TASK GOAL
Everything from the line containing "Gebruik een staafmixer" down to the last line below should be set down exactly, and only that, without the pictures.

INPUT DATA
%%

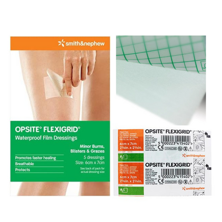 OPSITE Flexigrid Clear Barrier Wound Film, is a clear adhesive waterproof and bacteria-proof film dressing with a unique wound measurement grid. The film is moisture vapour permeable, conformable and extensible.
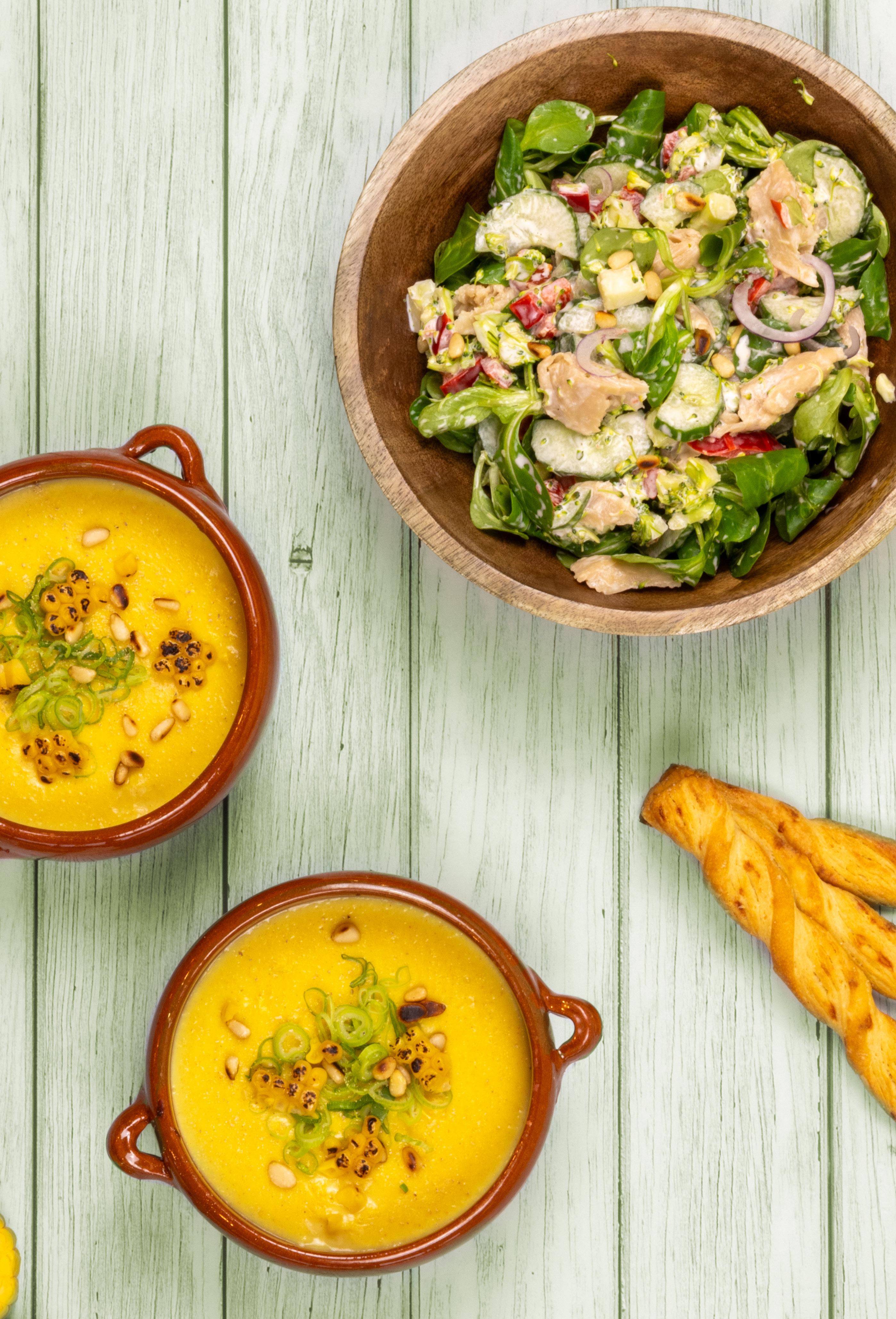 Gebruik een staafmixer om de soep gedeeltelijk te pureren, zodat je een romige textuur krijgt, maar er nog stukjes maïs en aardappel zichtbaar blijven. Dit zorgt voor een mooie balans tussen romigheid en structuur.
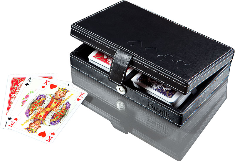 Najwyższej jakości karty Piatnika w eleganckim, czarnym etui z ekoskóry. W komplecie znajduje się również bloczek brydżowy.
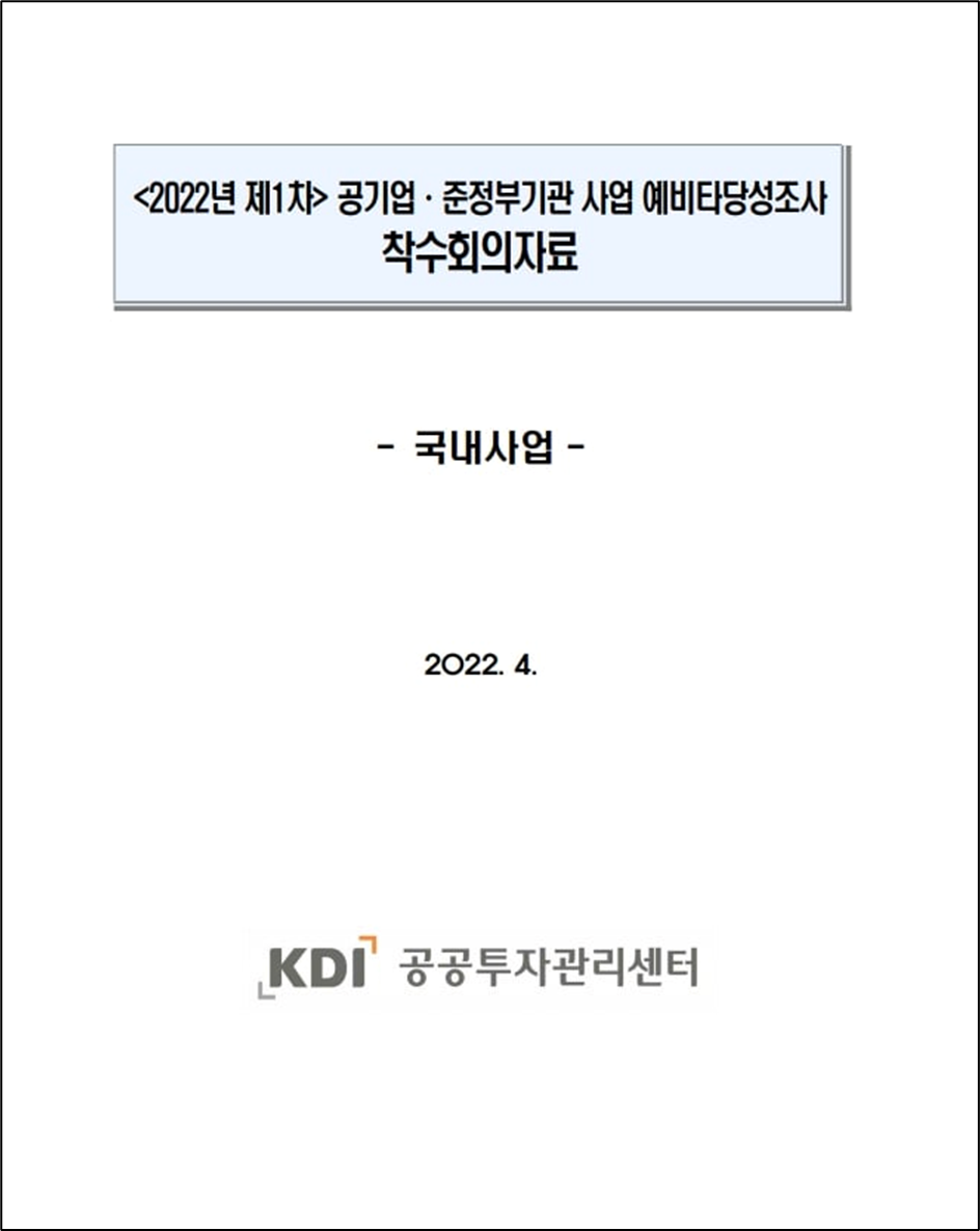 제목 : 2022년 제1차 공기업·준정부기관 사업 예비타당성조사 착수회의자료(수정)

%%

ANSWER BELOW
 Gebruik een staafmixer om de soep gedeeltelijk te pureren, zodat je een romige textuur krijgt, maar er nog stukjes maïs en aardappel zichtbaar blijven. Dit zorgt voor een mooie balans tussen romigheid en structuur.
 Najwyższej jakości karty Piatnika w eleganckim, czarnym etui z ekoskóry. W komplecie znajduje się również bloczek brydżowy.
 제목 : 2022년 제1차 공기업·준정부기관 사업 예비타당성조사 착수회의자료(수정)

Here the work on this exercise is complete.